Task directions
After locating the line that contains "今回オススメのダークネイビーのシャドウストライプの生地になります。" in the data below, set down exactly that line and each one after it through the line that contains "3月14日下午,省电机工程学", and nothing more.

Data to use

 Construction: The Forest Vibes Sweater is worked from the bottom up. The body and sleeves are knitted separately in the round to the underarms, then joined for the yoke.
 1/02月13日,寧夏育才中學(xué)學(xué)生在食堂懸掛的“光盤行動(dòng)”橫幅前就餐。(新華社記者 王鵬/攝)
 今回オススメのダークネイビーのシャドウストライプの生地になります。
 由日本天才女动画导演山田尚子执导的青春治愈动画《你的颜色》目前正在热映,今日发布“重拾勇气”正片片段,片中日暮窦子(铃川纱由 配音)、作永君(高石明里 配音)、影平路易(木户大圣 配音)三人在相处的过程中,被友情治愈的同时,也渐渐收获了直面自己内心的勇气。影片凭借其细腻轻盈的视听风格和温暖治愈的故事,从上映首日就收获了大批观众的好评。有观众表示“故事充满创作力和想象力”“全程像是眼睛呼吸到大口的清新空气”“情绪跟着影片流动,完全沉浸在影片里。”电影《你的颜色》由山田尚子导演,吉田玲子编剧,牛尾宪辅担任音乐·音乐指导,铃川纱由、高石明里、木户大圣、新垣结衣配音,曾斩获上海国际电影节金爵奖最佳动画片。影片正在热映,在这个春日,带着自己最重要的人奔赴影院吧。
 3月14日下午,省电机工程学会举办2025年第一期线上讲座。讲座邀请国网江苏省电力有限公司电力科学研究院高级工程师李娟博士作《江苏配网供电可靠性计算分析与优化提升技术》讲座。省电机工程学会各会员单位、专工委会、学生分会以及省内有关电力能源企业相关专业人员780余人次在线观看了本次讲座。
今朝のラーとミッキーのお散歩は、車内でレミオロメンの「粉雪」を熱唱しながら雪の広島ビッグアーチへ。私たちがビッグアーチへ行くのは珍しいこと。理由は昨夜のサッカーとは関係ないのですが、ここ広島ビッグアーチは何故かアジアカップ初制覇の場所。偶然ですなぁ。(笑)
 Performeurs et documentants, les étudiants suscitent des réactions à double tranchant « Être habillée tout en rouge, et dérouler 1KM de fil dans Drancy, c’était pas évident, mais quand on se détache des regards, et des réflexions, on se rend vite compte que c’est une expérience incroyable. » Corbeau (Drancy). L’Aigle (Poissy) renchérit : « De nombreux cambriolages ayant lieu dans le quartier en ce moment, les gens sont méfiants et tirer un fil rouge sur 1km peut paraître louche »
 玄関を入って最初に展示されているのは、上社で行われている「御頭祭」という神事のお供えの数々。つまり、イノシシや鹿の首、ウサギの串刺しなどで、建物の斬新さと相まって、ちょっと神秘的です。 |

Output for this exercise
 今回オススメのダークネイビーのシャドウストライプの生地になります。
 由日本天才女动画导演山田尚子执导的青春治愈动画《你的颜色》目前正在热映,今日发布“重拾勇气”正片片段,片中日暮窦子(铃川纱由 配音)、作永君(高石明里 配音)、影平路易(木户大圣 配音)三人在相处的过程中,被友情治愈的同时,也渐渐收获了直面自己内心的勇气。影片凭借其细腻轻盈的视听风格和温暖治愈的故事,从上映首日就收获了大批观众的好评。有观众表示“故事充满创作力和想象力”“全程像是眼睛呼吸到大口的清新空气”“情绪跟着影片流动,完全沉浸在影片里。”电影《你的颜色》由山田尚子导演,吉田玲子编剧,牛尾宪辅担任音乐·音乐指导,铃川纱由、高石明里、木户大圣、新垣结衣配音,曾斩获上海国际电影节金爵奖最佳动画片。影片正在热映,在这个春日,带着自己最重要的人奔赴影院吧。
 3月14日下午,省电机工程学会举办2025年第一期线上讲座。讲座邀请国网江苏省电力有限公司电力科学研究院高级工程师李娟博士作《江苏配网供电可靠性计算分析与优化提升技术》讲座。省电机工程学会各会员单位、专工委会、学生分会以及省内有关电力能源企业相关专业人员780余人次在线观看了本次讲座。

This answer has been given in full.